TJ starts. He was staring outside the window. “I guess.”
“Most people choose when to tell their family or friends. Did your family know before?”
He thinks of his brother sitting on the edge of the bed at 4:30am. They know. “No.” Then he adds. “My twin did.”
“How did they react?”
He laughs but then he remembers that people don’t really know his parents. They didn’t watch his mother cry the entire week the world found out that there was a gay boy in the White House. His father barely spoke to him. He only addressed it years later during his second run, slightly drunk and enjoying the good news of his amazing numbers late in the race. “It was hard in the beginning, son. I still don’t know what to say to you.” He says all of this to Dr. Lindley without much emotion but his heart is racing. He needs a hit. He can’t think about those times without some coke in him.

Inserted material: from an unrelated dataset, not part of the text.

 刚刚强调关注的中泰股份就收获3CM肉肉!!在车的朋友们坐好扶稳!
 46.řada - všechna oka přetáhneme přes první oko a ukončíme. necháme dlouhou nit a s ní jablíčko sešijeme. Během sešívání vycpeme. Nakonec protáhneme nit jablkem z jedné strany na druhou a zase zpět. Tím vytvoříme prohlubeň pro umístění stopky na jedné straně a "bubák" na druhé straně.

Dr. Lindley is staring at him. “It was your father who brought you here.”
“Yes.”
“What would you change about your life if you could?”
He thinks about the piano. He spent most of his time during his first stint flexing old muscles, adjusting his posture and relearning old favorites. His parents stopped hiring teachers when the last two ended up in messy affairs that only made the papers during his mother’s run for presidency. He has many regrets but this one is a big one. He waits for the third session to answer that question.

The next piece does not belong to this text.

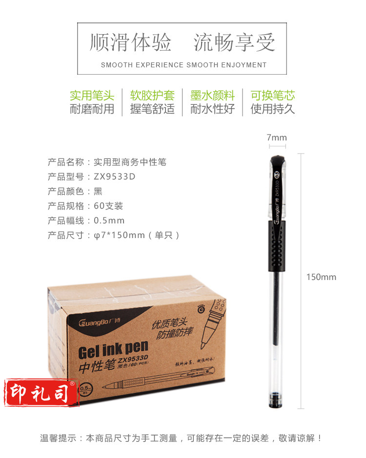 广博(GuangBo) 0.5mm黑色中性笔 办公签字笔 水笔60支装ZX9533D

He isn’t ready to leave when the car sends for him 15 days later but his absence is staring to become noticeable. In the car, there’s a staff member waiting for him inside with a statement prepped and ready to go. “Your brother will be waiting for you at the airport in Dallas.”
She doesn’t tell him where he will be speaking and he doesn’t ask. He has most of the speech committed to memory before they reach the airport. The private plane is ready to go and his hesitation must stir something in this staffer he doesn’t know because she comes to him and lays a hand on his shoulder, “I’m sorry, TJ.”
“Don’t be.” He says finally moving towards the plane. “I’m used to it.”